You can give a cursor that is either pel or 3 pels wide. This improves screen quality on interlaced displays where a one pel wide cursor would cause flickering. Figures 8 and 9 are white, respectively.
White, black (W, W, B) and white, transparent, black (W,
It shows the effect of using the cursor in T and B). The use of black provides a cursor with a pleasant shadow that is stable and easy to selectively highlight. Note that the cursor in Figure 8 obscures the point in question, while the cursor in Figure 9 does not.

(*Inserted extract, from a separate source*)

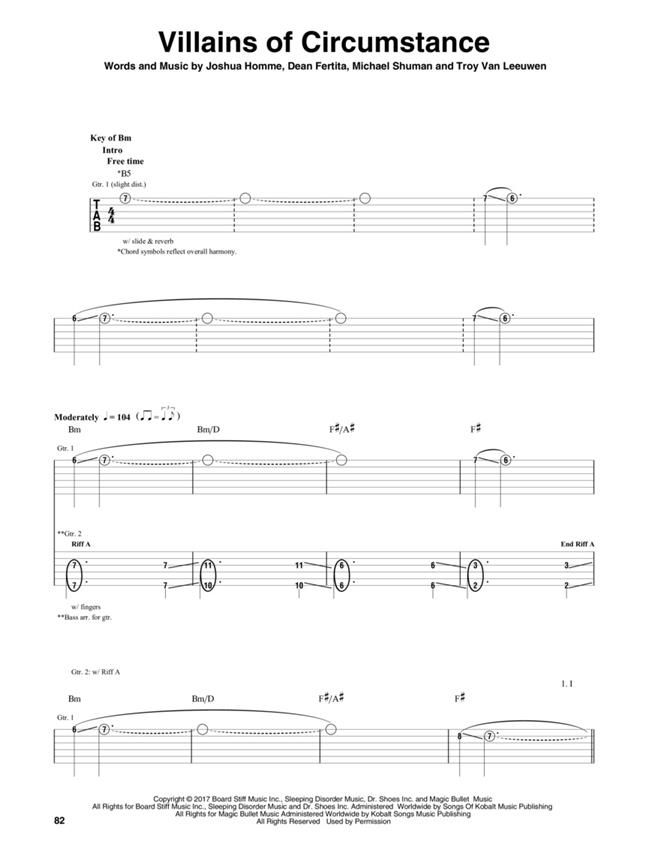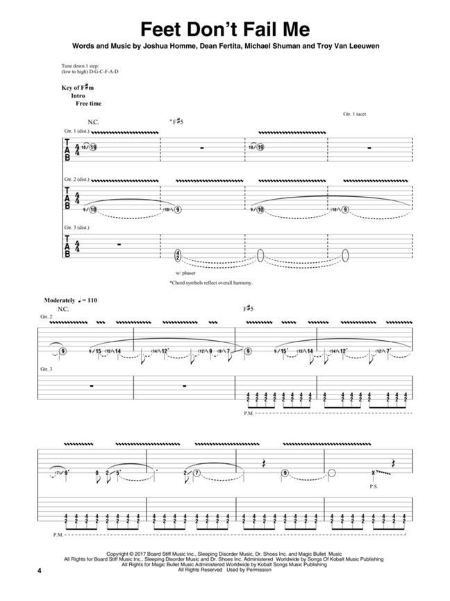 This 2017 album release by this hard rock band reached number 3 on the Billboard 200 album charts and topped the Rock Albums and Alternative Albums chart. This accurate tab edition presents all 9 songs from the album: Domesticated Animals - The Evil Has Landed - Feet Don't Fail Me - Fortress - Head like a Haunted House - Hideaway - Un-Reborn Again - Villains of Circumstance - The Way You Used to Do.
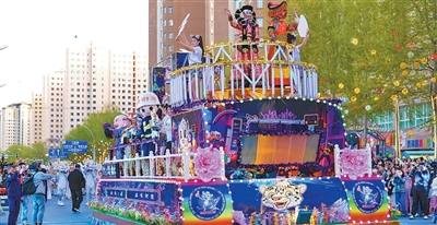 傍晚时分,青海西宁市城北区豹街开启花车巡游。 |

Preferably, the cursor has lines three pels wide, as described above, but a two pels wide cursor, although not to the same extent, provides many advantages, including simpler logic.

[Effects of the Invention] According to the present invention, by using a multiple crosshair cursor, there is provided an interlaced display device that achieves a cursor that is displayed with almost no flicker, does not blur the point to be shown, and stands out from its surroundings. is given.

[Brief explanation of drawings]

Figure 1 shows bit per unit for refresh.
1 is a block diagram of the main components of a raster scan CRT display using a buffer; FIG. FIG. 2 is a diagram illustrating the logic operations required to display a three-line cursor on an interlaced display. FIG. 3 is a logic diagram for performing the functions shown in FIG. FIG. 4 is a logic diagram showing how the bits representing the crosshair cursor are generated. Fifth
1 is a block diagram showing an improved version in which a coded character buffer is used in addition to the bit-pel buffer of FIG. 6, 7, 8, and 9 are diagrams showing various aspects of the three-line cursor. 1...Bit buffer, 2...Refresh logic unit, 3...X address register, 4...
Y address register, 5, 6, 7... Parallel/serial converter, 11, 12, 13... Mixer, 17...
Cursor control logic.

Claims (1)

[Scope of Claims] 1. A cathode ray tube and a bit pel including a bit pattern representing an image displayed on the cathode ray tube.
a refresh buffer and an address register for addressing the bit-pel refresh buffer under the control of refresh logic to generate a bit stream for driving the cathode ray tube; and a crosshair cursor on the cathode ray tube. , the crosshair cursor consisting of a line at least two pels wide, generated under the control of cursor control logic, said cursor control logic controlling the contents of an address register and the desired cursor position. to generate a bit pattern representing said crosshair cursor, and synchronously inserting said cursor into said bitstream, and to generate a bit pattern representing said crosshair cursor, said image to be displayed and a crosshair at least two pels wide. A raster scan interlaced cathode ray tube display characterized in that it generates a composite bit stream representing a cursor.